▼
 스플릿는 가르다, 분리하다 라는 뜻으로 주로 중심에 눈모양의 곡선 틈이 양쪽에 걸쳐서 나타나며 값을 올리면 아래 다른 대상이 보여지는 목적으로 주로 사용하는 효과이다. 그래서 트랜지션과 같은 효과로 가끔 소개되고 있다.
▲
▼
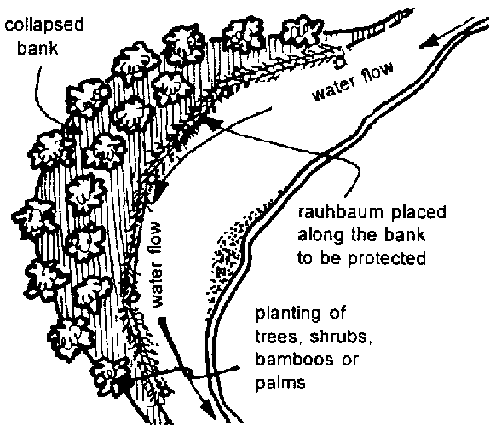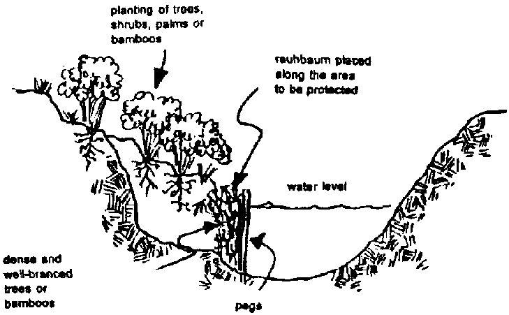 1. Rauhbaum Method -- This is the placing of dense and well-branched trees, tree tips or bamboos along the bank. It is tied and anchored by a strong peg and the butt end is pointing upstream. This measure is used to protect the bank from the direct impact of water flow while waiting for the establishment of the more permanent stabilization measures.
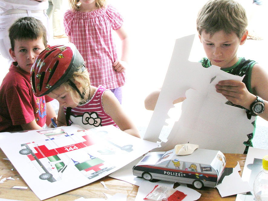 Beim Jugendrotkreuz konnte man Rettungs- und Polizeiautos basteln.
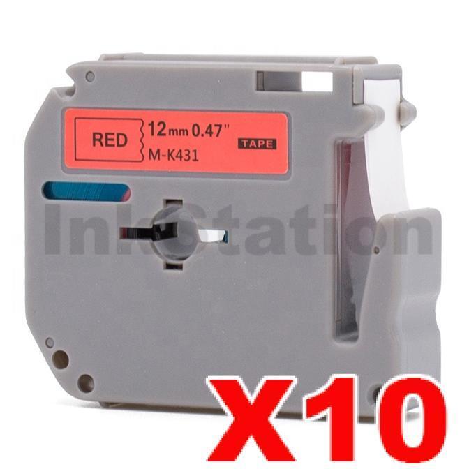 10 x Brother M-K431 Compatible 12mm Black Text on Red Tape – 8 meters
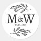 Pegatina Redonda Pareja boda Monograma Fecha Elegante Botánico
▲
▶ TASK BRIEF
While skipping the pictures, transcribe the data above from the line showing "10 x Brother" through the line showing "Pegatina Redonda Pareja", exactly and with both ends.

▶ WRITTEN RESPONSE
 10 x Brother M-K431 Compatible 12mm Black Text on Red Tape – 8 meters
 Pegatina Redonda Pareja boda Monograma Fecha Elegante Botánico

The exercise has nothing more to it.